## DATA IN THIS EXERCISE:
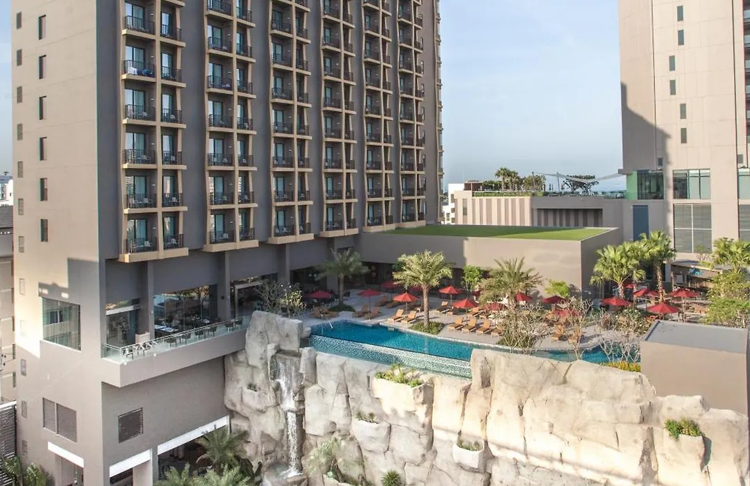 Mercure Pattaya Ocean Resort, a newly built 4-star hotel, offers direct beach access and a family-friendly atmosphere. Guests can enjoy a mini water park, diverse dining options, and a business center. The hotel features 210 air-conditioned rooms and suites designed for both leisure and corporate travelers.
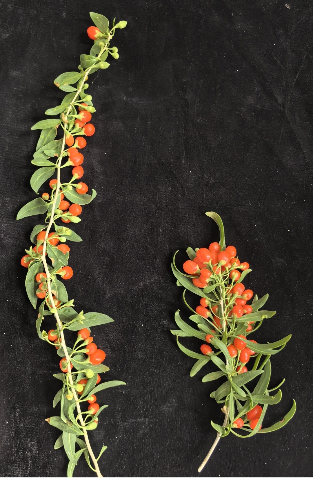 ▲“中科皇杞1号”与传统制干品种“宁杞1号”
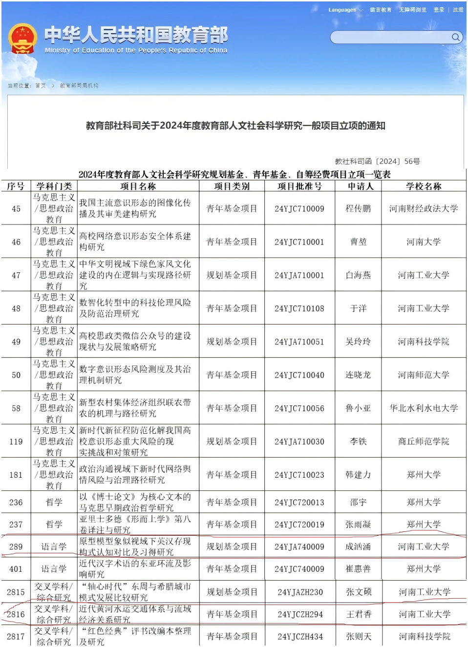 近日,教育部社科司发布了《关于2024年度教育部人文社会科学研究一般项目立项的通知》,今晚球赛成绩
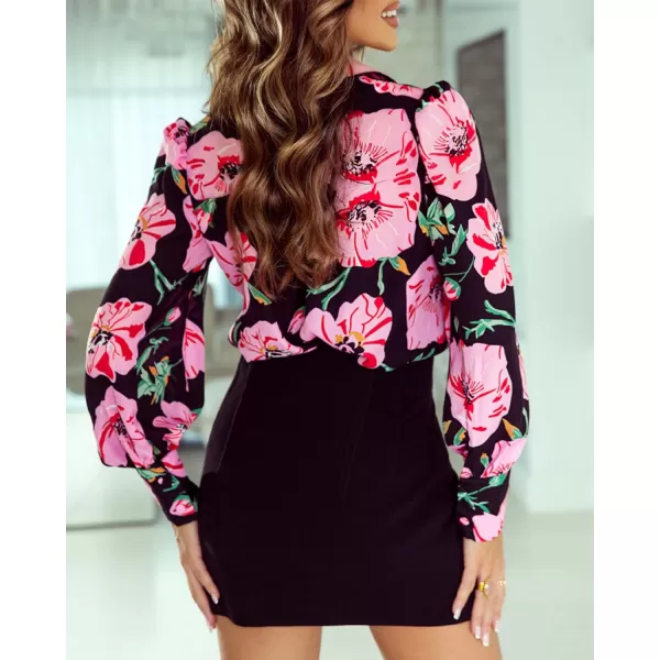 BTFBM Women Fashion Button Down Shirts Lapel V Neck Printed Casual Long Sleeve Blouse Boho Dressy Summer Fall Tops 2023(Big Floral Black Pink)
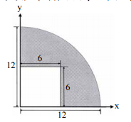 【已刪除】二、求圖示四分之一圓挖空方形形狀(所標示尺寸之單位為 cm)之形心座標(
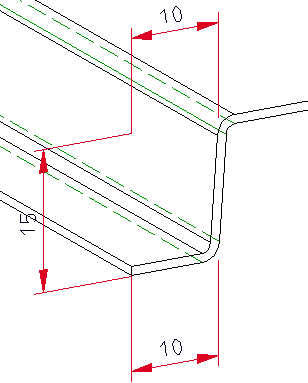 Mit der Z-Kantung können Sie zwei Laschen in einem Arbeitsschritt an ein Blech ankanten. Sobald Ihre Eingaben ausreichen, wird Ihnen eine Vorschau der neuen Laschen angezeigt. D. h. wählen Sie eine Anschlusskante, so wird die mögliche Z-Kantung mit den Standardwerten angezeigt. Haben Sie Breite über Punkt aktiviert, so werden Ihnen die neuen Laschen erst nach dem Identifizieren eines Punktes und der Breite oder zweier Punkte angezeigt, sofern Sie die Anschlusskante gewählt haben. Ferner sehen Sie direkt die Veränderung, wenn Sie z. B. von Kürzen, außen auf Kürzen, innen umschalten. Ist die Option Sofort übernehmen aktiv, so wird die Z-Kantung bei einer sinnvollen Eingabe sofort angekantet und kann dann über das Featureprotokoll geändert werden.
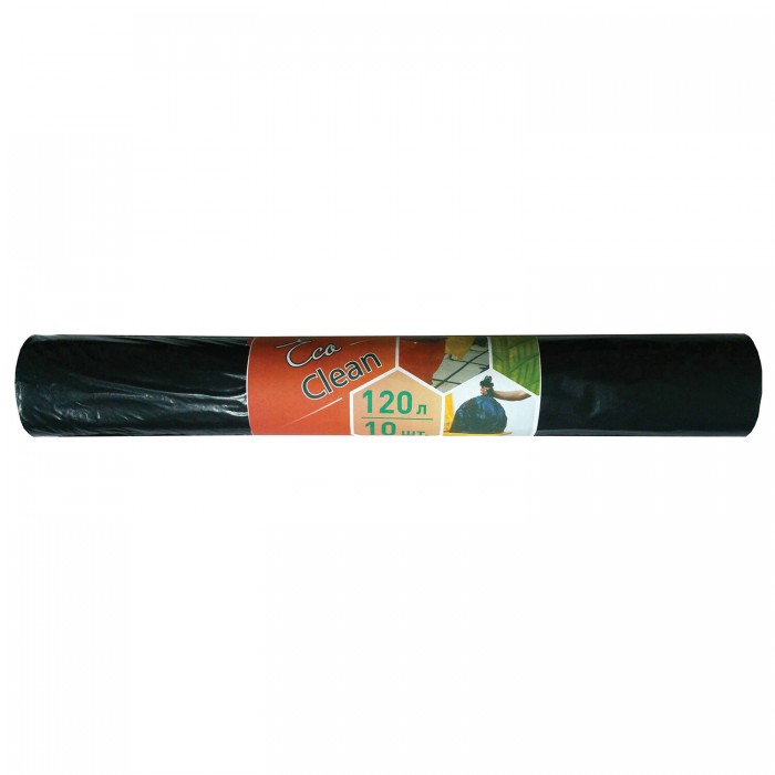 Мешки для мусора 120 л, черные, в рулоне 10 шт., ПВД, 25 мкм, 68х102 см, ЭКОНОМ, КОНЦЕПЦИЯ БЫТА "EcoClean", 2630
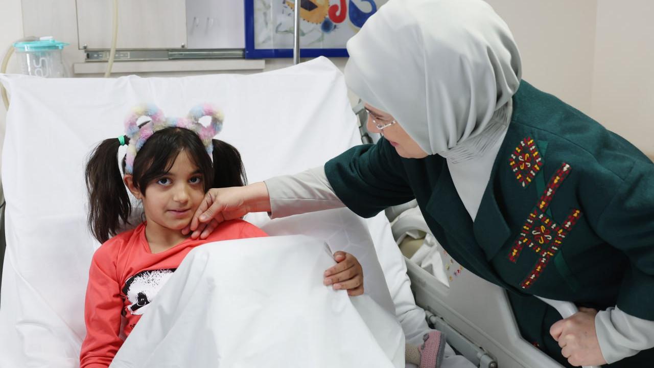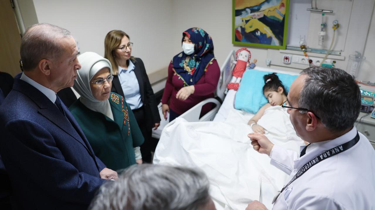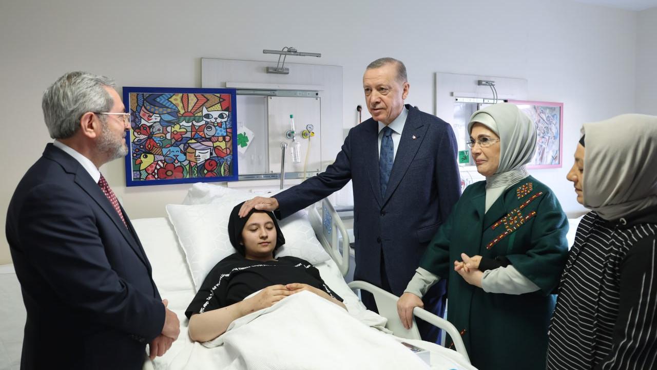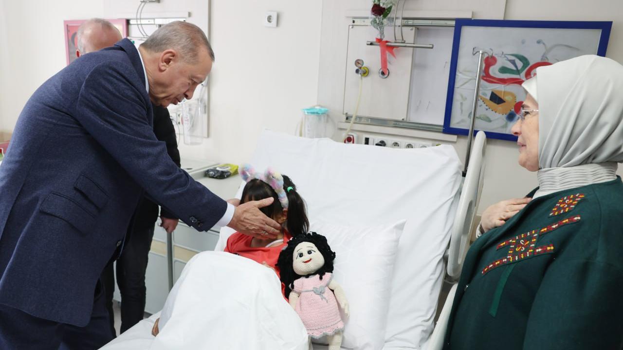 Depremin 248`inci saatinde Kahramanmaraş`ta mahsur kaldığı enkazdan kurtarılan 17 yaşındaki Aleyna Ölmez ile Hatay`dan getirilen 16 yaşındaki Hülyasu Kısa ve 8 yaşındaki Feyza Nur Yakar, Kahramanmaraş`tan getirilen 7 yaşındaki Miraç Eren Döner ve 10 yaşındaki Ayça Çepni, Şanlıurfa`dan getirilen 9 yaşındaki Zeynep Küçükler`i ziyaret eden Erdoğan, tedavileri süren hastaların sağlık durumu hakkında doktorlardan ve Ankara Üniversitesi Rektörü Prof. Dr. Necdet Ünüvar`dan bilgi aldı.

## TASK BRIEF:
Your task is to repeat the records exactly. Images do not belong in the copy.

## RESPONSE TO THE TASK:
 Mercure Pattaya Ocean Resort, a newly built 4-star hotel, offers direct beach access and a family-friendly atmosphere. Guests can enjoy a mini water park, diverse dining options, and a business center. The hotel features 210 air-conditioned rooms and suites designed for both leisure and corporate travelers.
 ▲“中科皇杞1号”与传统制干品种“宁杞1号”
 近日,教育部社科司发布了《关于2024年度教育部人文社会科学研究一般项目立项的通知》,今晚球赛成绩
 BTFBM Women Fashion Button Down Shirts Lapel V Neck Printed Casual Long Sleeve Blouse Boho Dressy Summer Fall Tops 2023(Big Floral Black Pink)
 【已刪除】二、求圖示四分之一圓挖空方形形狀(所標示尺寸之單位為 cm)之形心座標(
 Mit der Z-Kantung können Sie zwei Laschen in einem Arbeitsschritt an ein Blech ankanten. Sobald Ihre Eingaben ausreichen, wird Ihnen eine Vorschau der neuen Laschen angezeigt. D. h. wählen Sie eine Anschlusskante, so wird die mögliche Z-Kantung mit den Standardwerten angezeigt. Haben Sie Breite über Punkt aktiviert, so werden Ihnen die neuen Laschen erst nach dem Identifizieren eines Punktes und der Breite oder zweier Punkte angezeigt, sofern Sie die Anschlusskante gewählt haben. Ferner sehen Sie direkt die Veränderung, wenn Sie z. B. von Kürzen, außen auf Kürzen, innen umschalten. Ist die Option Sofort übernehmen aktiv, so wird die Z-Kantung bei einer sinnvollen Eingabe sofort angekantet und kann dann über das Featureprotokoll geändert werden.
 Мешки для мусора 120 л, черные, в рулоне 10 шт., ПВД, 25 мкм, 68х102 см, ЭКОНОМ, КОНЦЕПЦИЯ БЫТА "EcoClean", 2630
 Depremin 248`inci saatinde Kahramanmaraş`ta mahsur kaldığı enkazdan kurtarılan 17 yaşındaki Aleyna Ölmez ile Hatay`dan getirilen 16 yaşındaki Hülyasu Kısa ve 8 yaşındaki Feyza Nur Yakar, Kahramanmaraş`tan getirilen 7 yaşındaki Miraç Eren Döner ve 10 yaşındaki Ayça Çepni, Şanlıurfa`dan getirilen 9 yaşındaki Zeynep Küçükler`i ziyaret eden Erdoğan, tedavileri süren hastaların sağlık durumu hakkında doktorlardan ve Ankara Üniversitesi Rektörü Prof. Dr. Necdet Ünüvar`dan bilgi aldı.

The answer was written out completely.